Publication
Article
Pharmacy Times
Underscoring community pharmacy concerns about cross-border sales of prescription drugs from Canada, the FDA has joined with the US Customs Service in an aggressive new campaign to draw attention to the flow of foreign drugs into the United States by mail and common carriers.
After conducting a series of "spot examinations of mail shipments of foreign drugs to US consumers," FDA officials said that its inspections "revealed that these shipments often contain dangerous unapproved or counterfeit drugs that pose potentially serious safety problems."
"Although many drugs obtained from foreign sources purport, and may even appear to be, the same as FDA approved medications, these examinations showed that many are of unknown quality or origin," agency officials said.
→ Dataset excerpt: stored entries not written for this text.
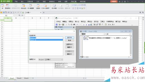 4、現(xiàn)在打開(kāi)VBE編輯窗口來(lái)試驗(yàn)一下,輸入一段簡(jiǎn)單的宏代碼: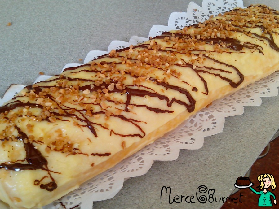- Colocaremos la última lámina, que servirá de tapa de dicha tarta de crema. Espolvorearemos por encima, azúcar glas y chocolate deshecho con el que pasaremos a dibujar unas finas líneas, para nuestra decoración.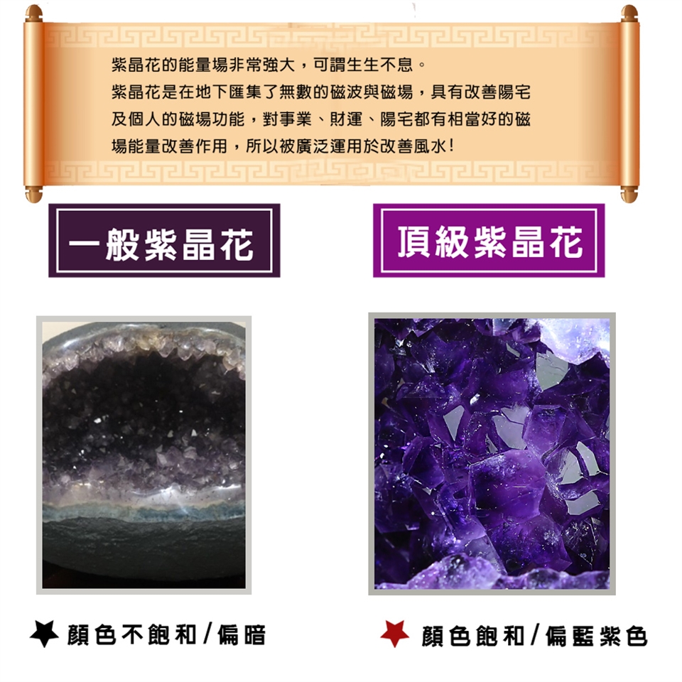 天然的紫晶洞作為風水擺件被廣泛的應用在我們的居家生活中或者是生意場所,起到招財鎮宅闢邪功效作用,紫晶洞的形狀也是多種多樣,不同的形狀的紫晶洞有著不同的說法,同時也滿足著人們不同的審美需求,但是無論是任何形狀的紫晶洞都具有招財鎮宅闢邪保平安的功效作用哦!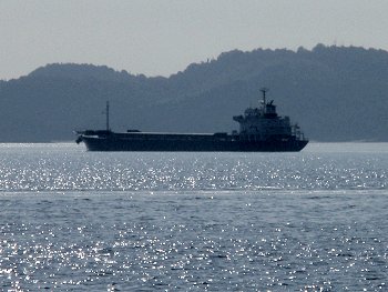 で、せめて日本丸の優美な姿を画像に納めよう…と、7/17の早朝に出かけて撮りましたのがこれらの画像なんであります(^.-)☆福山港国際コンテナターミナル近くの路上に車を駐めテクテクと歩行。
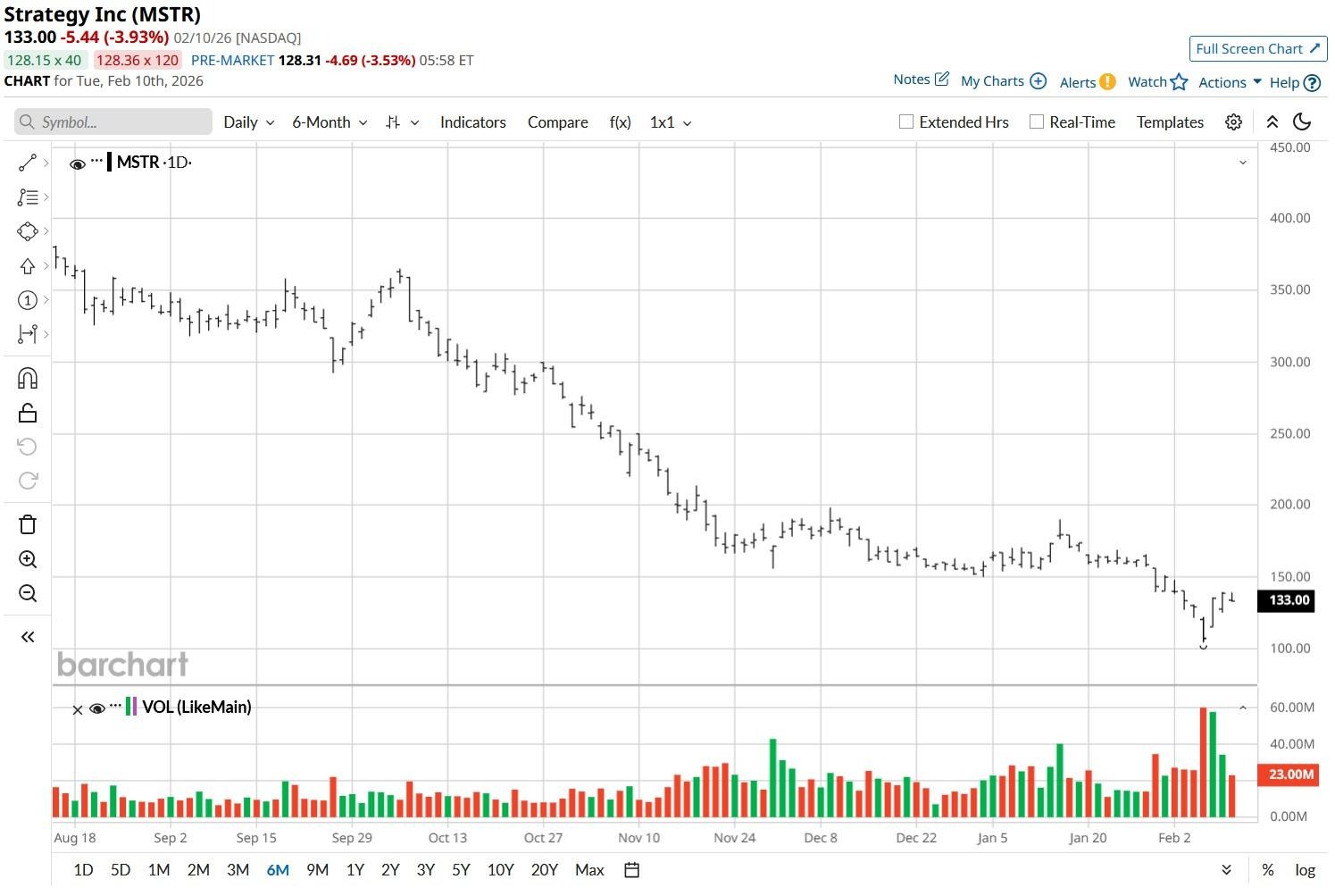 MSTR stock inched further down following Saylor’s remarks on Feb. 10, due to dilution concerns.
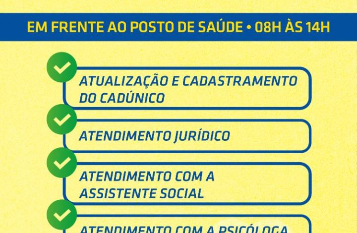 Atendimentos jurídicos, de assistência social, psicológico, além do Gabinete Itinerante da Secretária, serão disponibilizados aos moradores da localidade.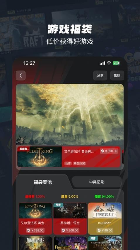 3、可升级兑换更高阶游戏!隐藏→欧皇→超稀有三档自由跃迁,让每个福袋都成为通往梦想游戏的阶梯。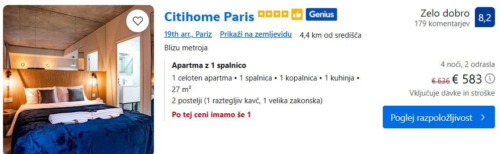 4* Citihome Paris – 4 noči – 292€ na osebo – Genius popust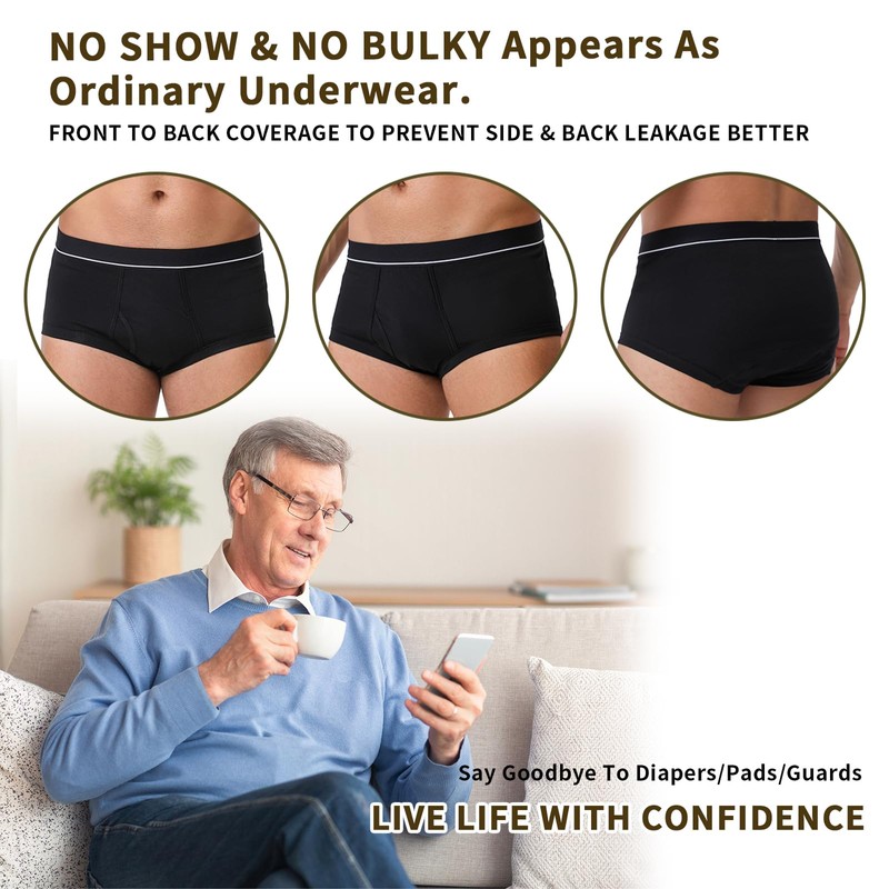 - Boost Confidence and Dignity Mens Incontinence Briefs: Designed to look like regular underwear, these underwear with incontinence pads for men are perfect for male with minor or middle leakage who are not yet ready to use disposables. The reusable incontinence underwear design with comprehensive protection and comfort helps to restore confidence and dignity in everyday life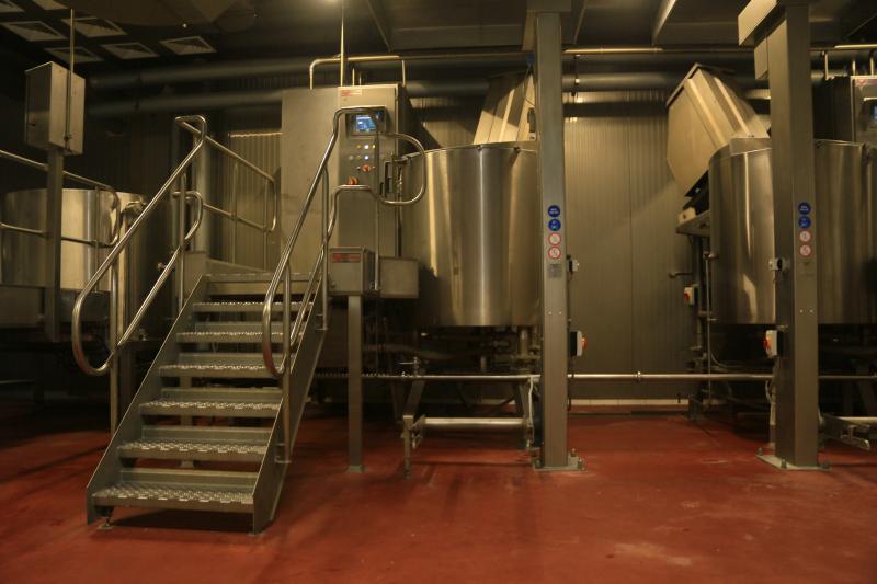 Всего в «Школьном питании» восемь цехов, в одних работают с сырьем, в других – с готовой продукцией. Делегаты увидели их все: в мясном цеху сырье нарезается под размер согласно рецептам, чтобы в столовых оно правильно готовилось; в птицегольевом птичье мясо отделяется от костей; в кондитерском пекутся пирожные, которые продаются в столовых за отдельную плату – из медового, песочного, слоеного или вафельного теста… Отдельно стоит отметить технологию приготовления супов, соусов, жидких каш и напитков. Готовят их в «Школьном питании» при низких температурах в вакууме. Метод называется sous-vide, а оборудование перед аккредитацией меню испытывалось в московском НИИ им. Горбатова. Перечисленные виды блюд томятся без кипения, на паровой рубашке в больших котлах, затем варево разливается в семислойные упаковки и отправляется в полутонный чиллер для охлаждения при температуре 1°С, оттуда – в школьные столовые.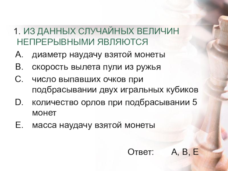 в результате опыта она принимает числовые значения, которые можно перечислить или поставить им в соответствие элементы счётного множества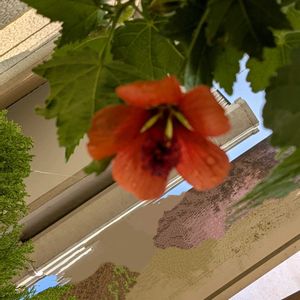 【アブチロン】 旅行中🚿水を切らして枯れかけたけど、何とか復活。 そして花を🧡♥️咲かせてくれてありがとう🙏😁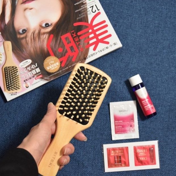 雑誌「美的」のオリジナルの付録は、美容研究家の樋口賢介さんが監修した天然木製のパドルブラシ。ブラシの毛先は天然竹で、頭皮や頭筋を気持ちよくマッサージできます。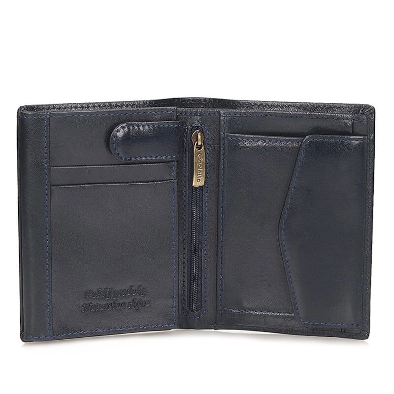 Polska marka Canaletto przedstawia portfel z nowej kolekcji jesienno-zimowej. Model jest wykonany ze skory naturalnej w pięknym granatowym kolorze. Wewnątrz znajdują się miejsca na różne karty, miejsce na banknoty i monety. Portfel idealny na prezent.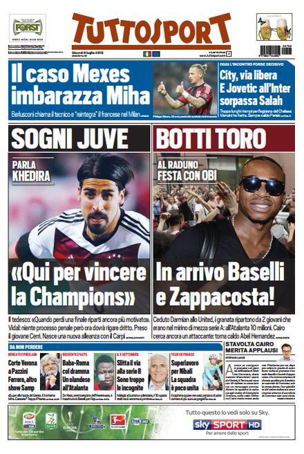 Prima pagina divisa a metà, oggi, giovedì 9 luglio, su Tuttosport: nella prima metà intervista a Khedira: “Alla Juve per vincere la Champions“, sulla seconda metà il mercato targato Torino: “In arrivo Baselli e Zappacosta!“.
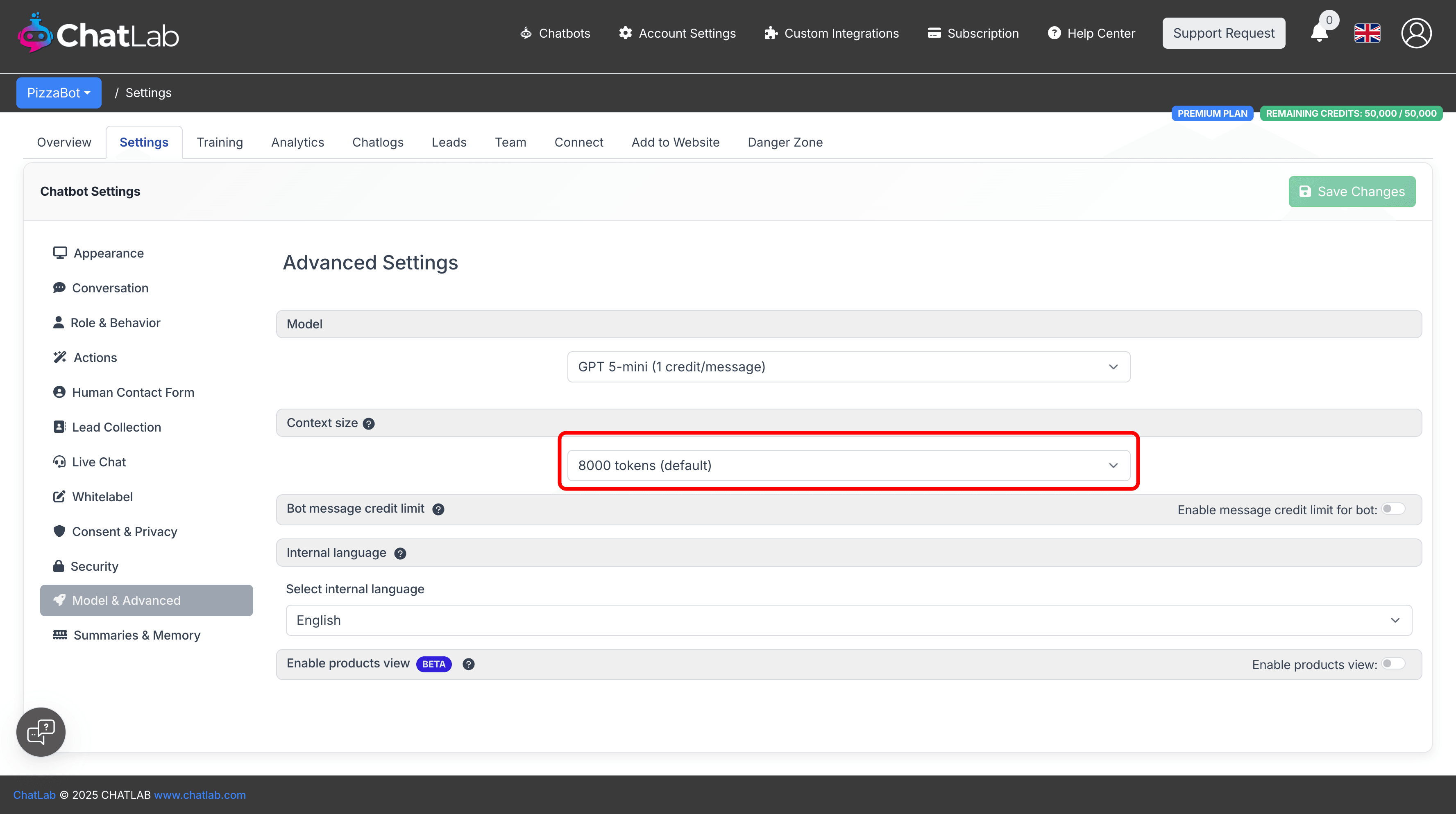 ChatLab offers three different context sizes: 8,000, 16,000, or 32,000 tokens, directly impacting the chatbot's ability to retain and utilize information. Choosing the appropriate context size is a balance between desired response quality and operational budget.

All told, FDA and customs agents intercepted 1153 imported drug products at postal facilities in California, Florida, and New York. Of these, "the overwhelming majority (88%)?contained unapproved drugs," they explained. "Many of these imported drugs could pose clear safety problems."
Despite these findings, neither agency plans to initiate any broad-based effort to interdict potentially dangerous drug shipments. Neither the FDA nor the Customs Service has "sufficient resources to perform comprehensive examinations of all mailed packages due to the huge volume of parcels entering the United States," FDA officials said.